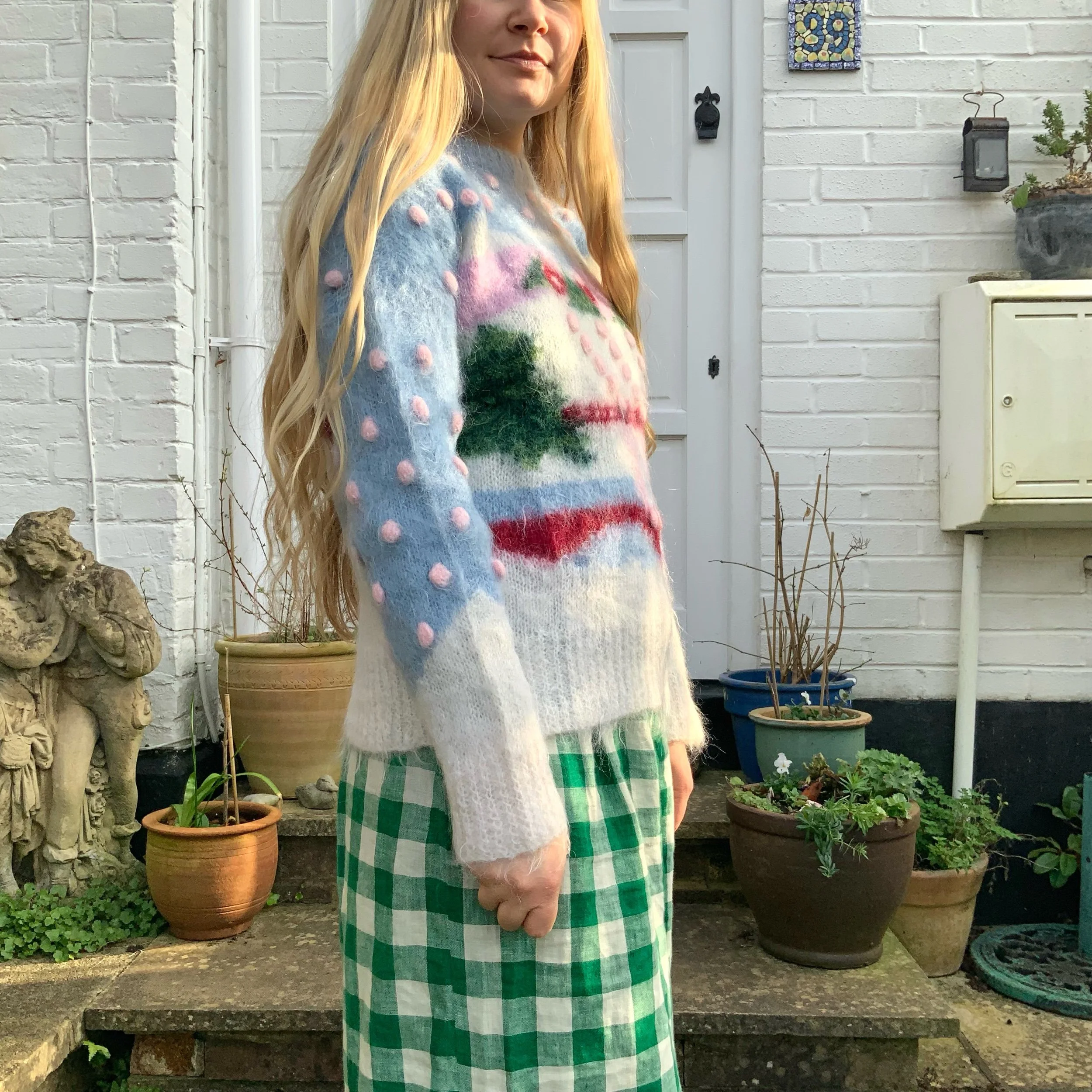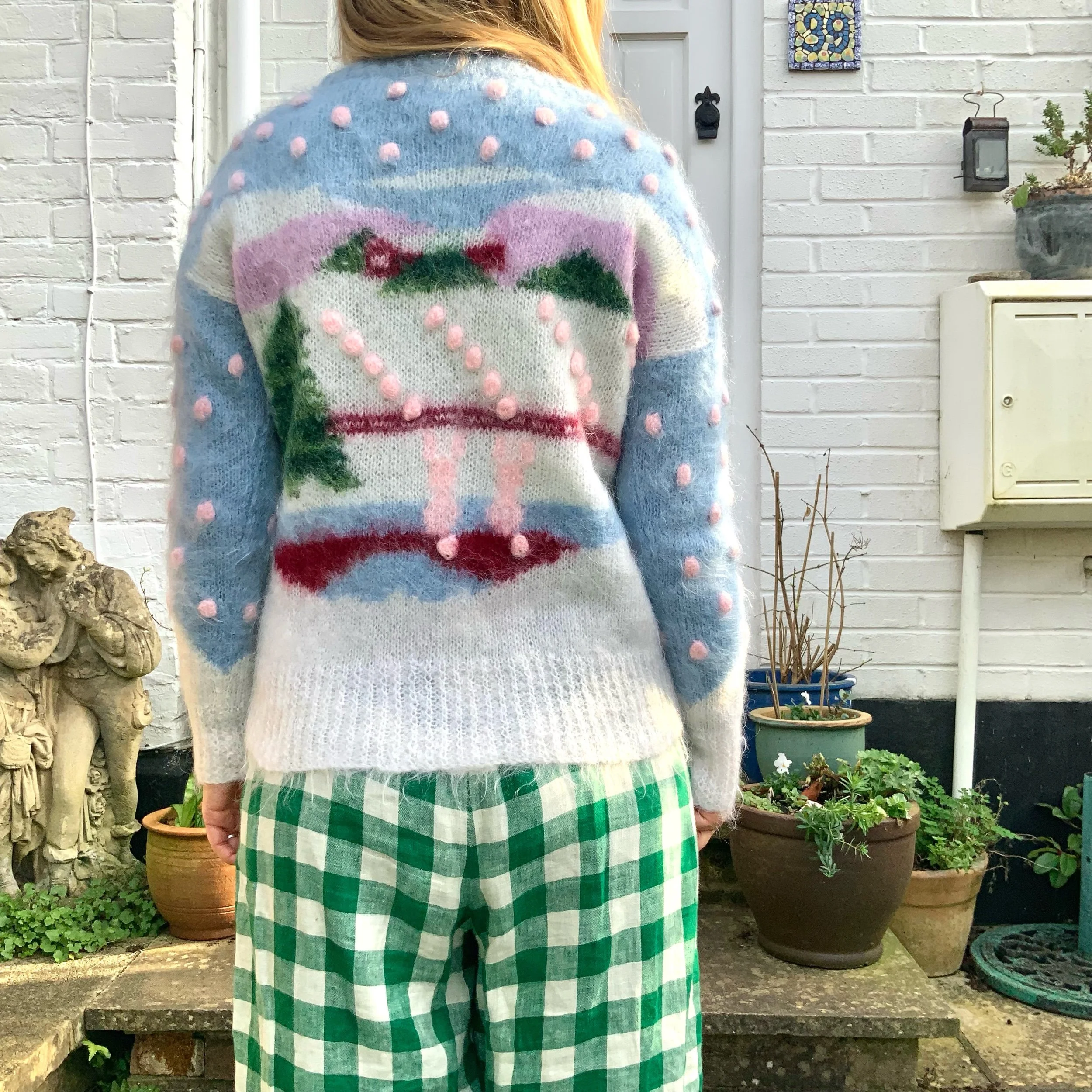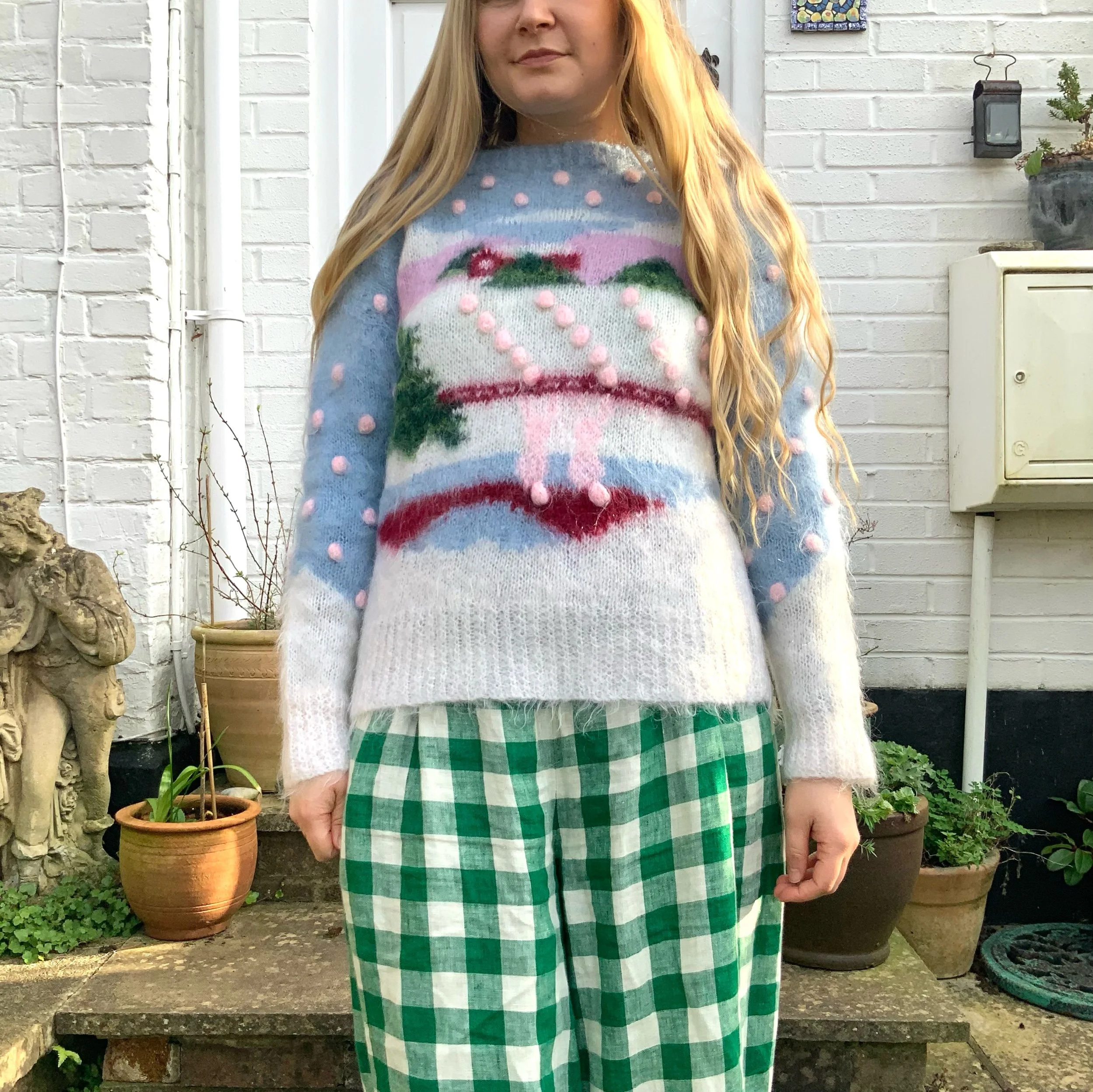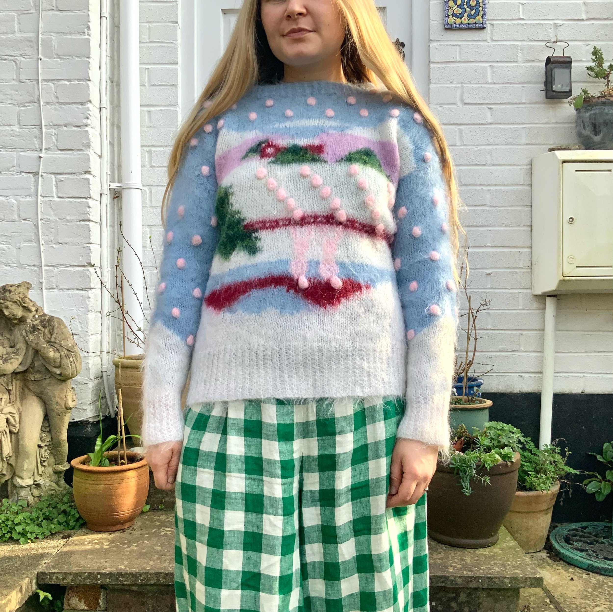 Handmade snowy vintage jumper, likely to be a Susie Lee but there’s no official label. ❄️ Hand-knitted in the UK in fluffy mohair yarn, selling on behalf of @yoyothericecorpse. ☺️ I’d estimate that it’s approx a size S, shown on a size S, 5’4 height. Measurements below. :) In great condition. ✨
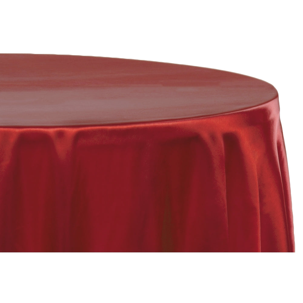 We craft our 108-inch round satin tablecloth from 100% polyester, spinning it to look and feel like satin. Made of high-quality fabrics, this tablecloth is seamless with a surged finished edge for a polished feel. The burgundy hue adds elegance to any space.
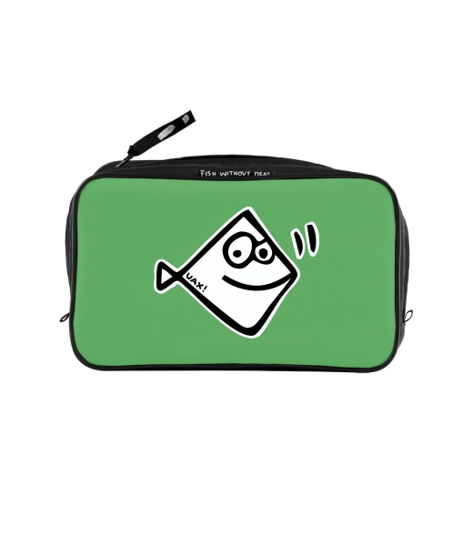 UAX Unisex sizes XL cosmetic bag with printing and pocket with design 1111 PIRANHA in color BRIGHT GREEN
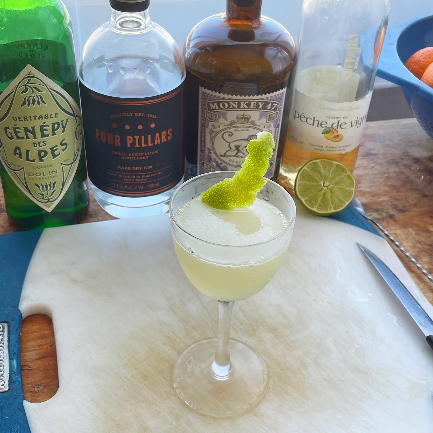 The juniper and other botanical notes in the blend of gins works nicely with the floral and woodsy notes of the Alpine liqueur (Genepy) while the tart lime juice brightens the drink and the peach liqueur helps round off the edges while working harmoniously with the floral accents
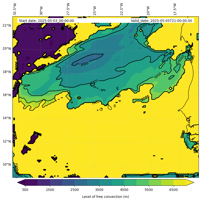 - Level of free convection (m)
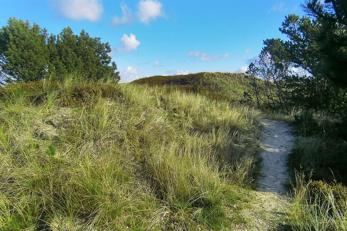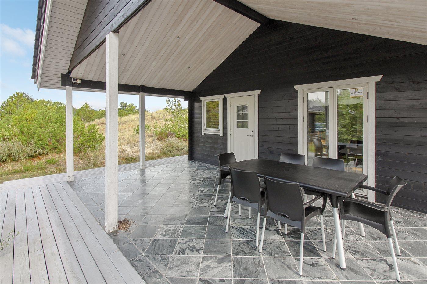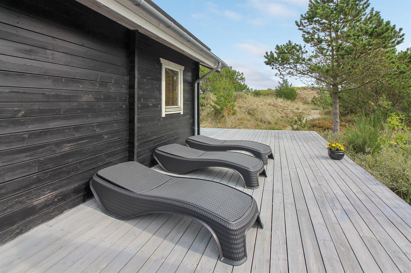 Dette bjælkesommerhus, bygget i 2005, er beliggende på en smuk, lyngbeklædt klitgrund nord for Aalbæk i et lille sommerhusområde 150 m fra strand og vand. Der er udsigt til klitterne samt direkte adgang til stranden over klitterne.
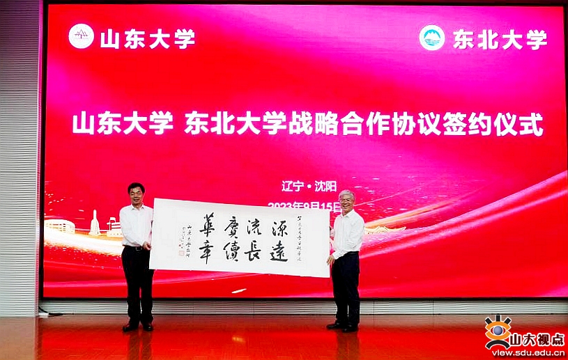9月15日下午,山东大学与东北大学战略合作签约仪式在沈阳举行。山东大学校长、中国工程院院士李术才,东北大学校长、中国工程院院士冯夏庭出席仪式并致辞,山东大学副校长芦延华与东北大学副校长徐峰代表双方签署战略合作协议。仪式由徐峰主持。
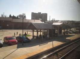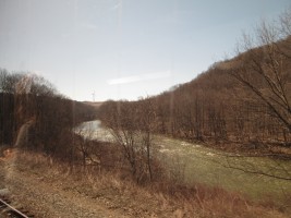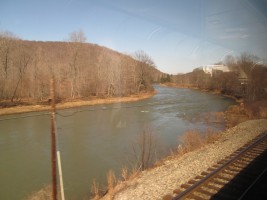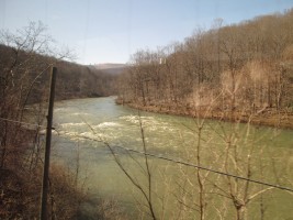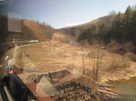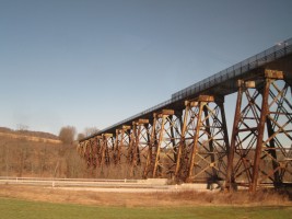 Connellsville was founded in 1793 and later became a major center for coal mining. The Great Allegheny Passage, is a rail-trail that runs between Pittsburg and Cumberland, MD. It is based on an abandoned roadbed that runs parallel (usually to the south) of the former Baltimore and Ohio RR line which became part of CSX and which is the line used by Amtrak for the Capitol Limited. Between Connellsville and Cumberland, the trail runs on the abandoned Connellsville subdivision of the defunct Western Maryland Railway, and portions of that trail are occasionally visible from the Capitol Limited.
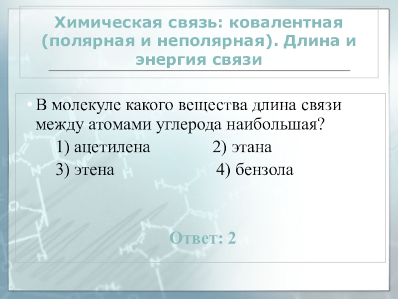 Химическая связь: ковалентная (полярная и неполярная). Длина и энергия связи
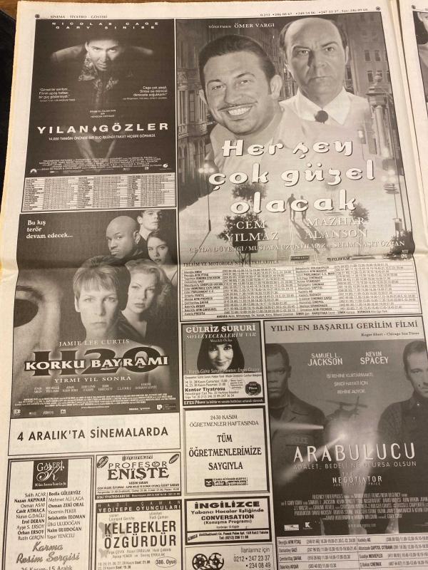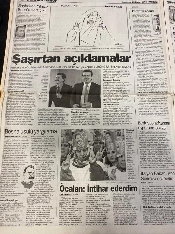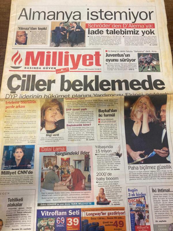 MİLLİYET GAZETESİ DOĞUM GÜNÜ HEDİYESİ - 28 KASIM 1998 - TAM TAKIM 38 SAYFADIR -Mesut Yılmaz-Gerhard Schröder-Massimo D’Alema-Tansu Çiller-Sema Emiroğlu-Zehra Güngör-Fevzi Aksoy-Togay Bayatlı-Toshack-Mustafa Denizli-Hülya Avşar-Nurdan Akmer-Ziya Küçüker-Cenk Başlamış-Hasan Pulur-Lejla Atişman-Sadrettin Kaya-İbrahim Yüksel Almanya istemiyor-Çiller beklemede-Dalai Lama sürgündeki lider-İki yüzlü Juventus-Toshack yine suçladı-Benden iyisi yok-Yolsuzluk bizde de var-Erdal İnönü kararını verdi Yokum-Nicolas Cage-Gary Sinise-Cem Yılmaz-Mazhar Alanson-Jamie Lee Curtis-Samuel L. Jackson-Kevin Spacey-Turhan Selçuk-Fikret Bila-Zehra Güngör-Ferit Demir-Melih Aşık-Ercan Akyol-Yalçın Doğan-Hasan Cemal-Ayşegül Aydıngün-Mehmet Burucu-C. Hüsnü Erkan Yılan Gözler-Her Şey Çok Güzel Olacak-Korku Bayramı-Arabulucu-Şaşırtan açıklamalar-Bosna usulü yargılama-Öcalan intihar ederdim-Terörün tanığı Sakık-PKK katliamlarına internette site-Protesto türbesi, Ali Naci Karacan tarafından kaleme alınmıştır. MİLLİYET GAZETESİ DOĞUM GÜNÜ HEDİYESİ - 28 KASIM 1998 - TAM TAKIM 38 SAYFADIR -Mesut Yılmaz-Gerhard Schröder-Massimo D’Alema-Tansu Çiller-Sema Emiroğlu-Zehra Güngör-Fevzi Aksoy-Togay Bayatlı-Toshack-Mustafa Denizli-Hülya Avşar-Nurdan Akmer-Ziya Küçüker-Cenk Başlamış-Hasan Pulur-Lejla Atişman-Sadrettin Kaya-İbrahim Yüksel Almanya istemiyor-Çiller beklemede-Dalai Lama sürgündeki lider-İki yüzlü Juventus-Toshack yine suçladı-Benden iyisi yok-Yolsuzluk bizde de var-Erdal İnönü kararını verdi Yokum-Nicolas Cage-Gary Sinise-Cem Yılmaz-Mazhar Alanson-Jamie Lee Curtis-Samuel L. Jackson-Kevin Spacey-Turhan Selçuk-Fikret Bila-Zehra Güngör-Ferit Demir-Melih Aşık-Ercan Akyol-Yalçın Doğan-Hasan Cemal-Ayşegül Aydıngün-Mehmet Burucu-C. Hüsnü Erkan Yılan Gözler-Her Şey Çok Güzel Olacak-Korku Bayramı-Arabulucu-Şaşırtan açıklamalar-Bosna usulü yargılama-Öcalan intihar ederdim-Terörün tanığı Sakık-PKK katliamlarına internette site-Protesto türbesi adlı eser Türkçe dilindedir.
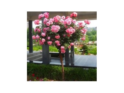 绿化用途广 在环城行道、公园、风景区、小区庭院等一切有绿地的地方,树状月季都能起到画龙点睛的美化功效。
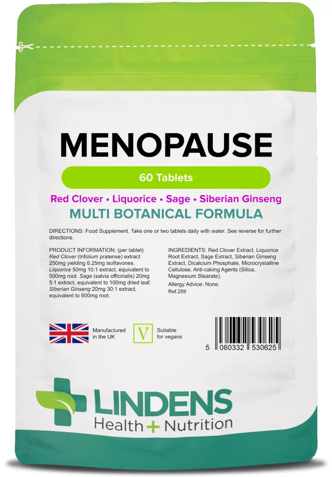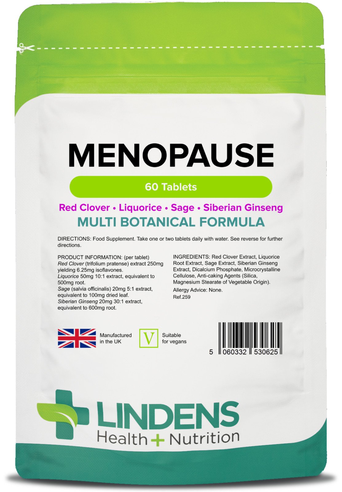 Menopause Formula 60 Tablets Red Clover women going through menopause Lindens
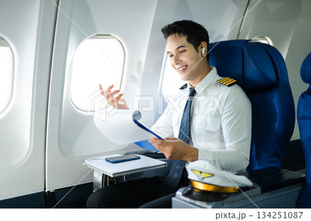 Asian Confident male pilot in uniform leaning at the passenger seat while standing inside of the airplane flight cockpit during takeoff and checking flight plan

---*---

(WHAT TO PRODUCE): Reproduce exactly the lines above that run from the one with "- Level of free convection (m)" to the one with "Dette bjælkesommerhus, bygget", both included, leaving pictures out.

(ANSWER FOR THE TASK):
 - Level of free convection (m)
 Dette bjælkesommerhus, bygget i 2005, er beliggende på en smuk, lyngbeklædt klitgrund nord for Aalbæk i et lille sommerhusområde 150 m fra strand og vand. Der er udsigt til klitterne samt direkte adgang til stranden over klitterne.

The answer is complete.